Launching container...
Getting exit code file...
Creating script paths...
[2019-10-17 09:28:57.459]Container exited with a non-zero exit code 1. Error
file: prelaunch.err.
Last 4096 bytes of prelaunch.err :
Last 4096 bytes of stderr :
Error: Could not find or load main class
org.apache.spark.executor.CoarseGrainedExecutorBackend
[2019-10-17 09:28:57.462]Container exited with a non-zero exit code 1. Error
file: prelaunch.err.
Last 4096 bytes of prelaunch.err :
Last 4096 bytes of stderr :
Error: Could not find or load main class
org.apache.spark.executor.CoarseGrainedExecutorBackend
WARN [2019-10-17 09:28:58,571] ({dispatcher-event-loop-19}
Logging.scala[logWarning]:66) - Requesting driver to remove executor 2 for
reason Container marked as failed: container_e15_1570749574365_0027_01_000003
on host: r940-1-1-mlx.mlx. Exit status: 1. Diagnostics: [2019-10-17
09:28:57.458]Exception from container-launch.

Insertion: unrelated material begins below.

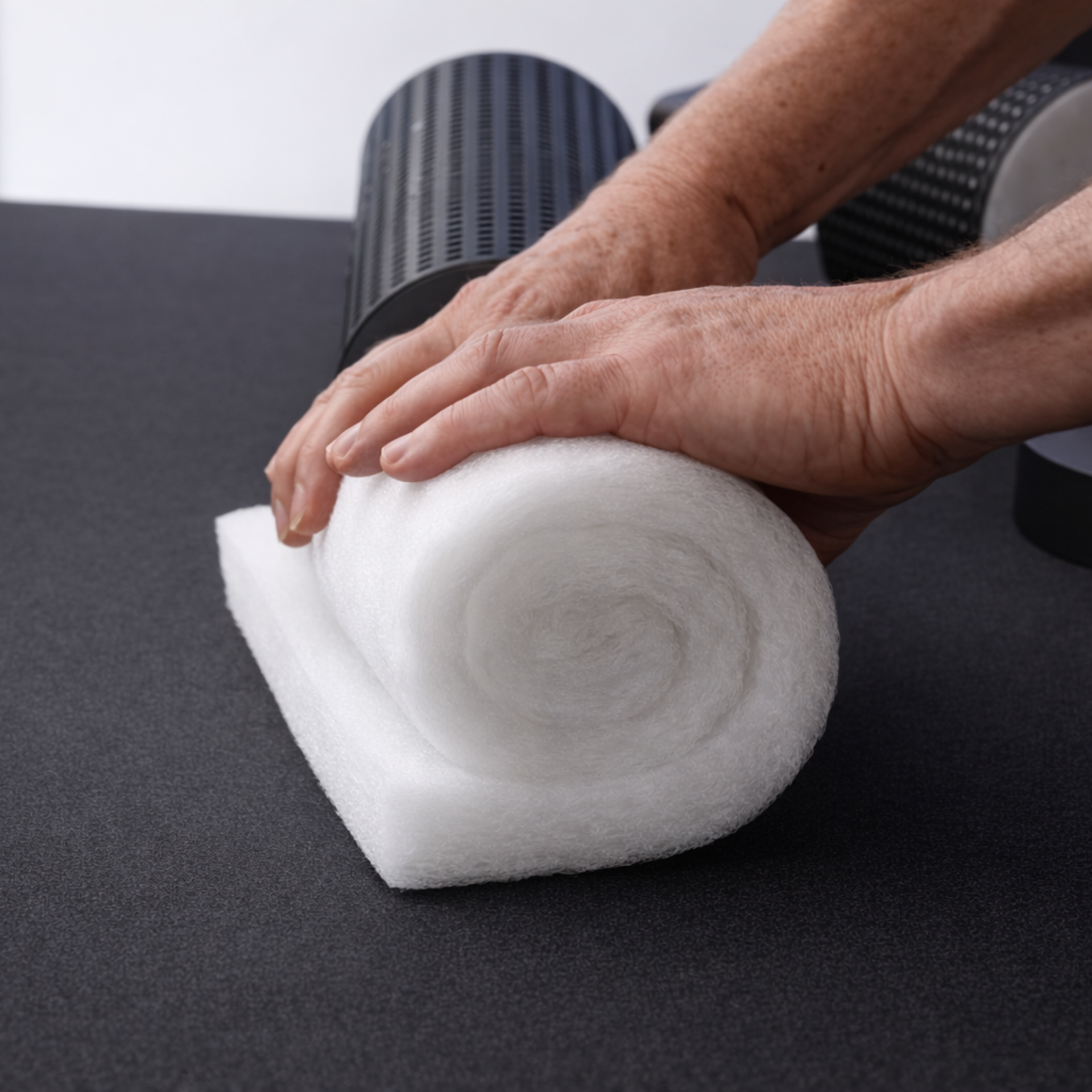 - Roll up the filter strips and insert them into the housing.

Container id: container_e15_1570749574365_0027_01_000003
Exit code: 1
Exception message: Launch container failed
Shell output: main : command provided 1
main : run as user is mansop
main : requested yarn user is mansop
Getting exit code file...
Creating script paths...
Writing pid file...
Writing to tmp file
/d1/hadoop/yarn/local/nmPrivate/application_1570749574365_0027/container_e15_1570749574365_0027_01_000003/container_e15_1570749574365_0027_01_000003.pid.tmp
Writing to cgroup task files...
Creating local dirs...
Launching container...
Getting exit code file...
Creating script paths...
[2019-10-17 09:28:57.459]Container exited with a non-zero exit code 1. Error
file: prelaunch.err.
Last 4096 bytes of prelaunch.err :
Last 4096 bytes of stderr :
Error: Could not find or load main class
org.apache.spark.executor.CoarseGrainedExecutorBackend
[2019-10-17 09:28:57.462]Container exited with a non-zero exit code 1. Error
file: prelaunch.err.
Last 4096 bytes of prelaunch.err :
Last 4096 bytes of stderr :
Error: Could not find or load main class
org.apache.spark.executor.CoarseGrainedExecutorBackend
Exception 2:
DEBUG [2019-10-17 09:29:20,583] ({pool-5-thread-1}
RemoteInterpreterServer.java[interpret]:426) - st:
a = "bigword"
aList = []
for i in range(1000):
aList.append(i**i*a)
#print aList
for word in aList:
print word
DEBUG [2019-10-17 09:29:20,584] ({pool-5-thread-1}
RemoteInterpreterEventClient.java[sendEvent]:413) - Send Event:
RemoteInterpreterEvent(type:OUTPUT_UPDATE_ALL,
data:{"messages":[],"noteId":"2ENM9X82N","paragraphId":"20190926-163159_1153559848"})
DEBUG [2019-10-17 09:29:20,584] ({pool-5-thread-2}
RemoteInterpreterEventClient.java[pollEvent]:366) - Send event OUTPUT_UPDATE_ALL
INFO [2019-10-17 09:29:20,584] ({pool-6-thread-4}
SchedulerFactory.java[jobStarted]:109) - Job 20190926-163159_1153559848 started
by scheduler interpreter_1768035734
DEBUG [2019-10-17 09:29:20,585] ({pool-6-thread-4}
RemoteInterpreterServer.java[jobRun]:632) - Script after hooks: a = "bigword"
aList = []
for i in range(1000):
aList.append(i**i*a)
#print aList
for word in aList:
print word
__zeppelin__._displayhook()
DEBUG [2019-10-17 09:29:20,585] ({pool-6-thread-4}
RemoteInterpreterEventClient.java[sendEvent]:413) - Send Event:
RemoteInterpreterEvent(type:META_INFOS, data:{"message":"Spark UI
enabled","url":"http://r640-1-10-mlx.mlx:42304"})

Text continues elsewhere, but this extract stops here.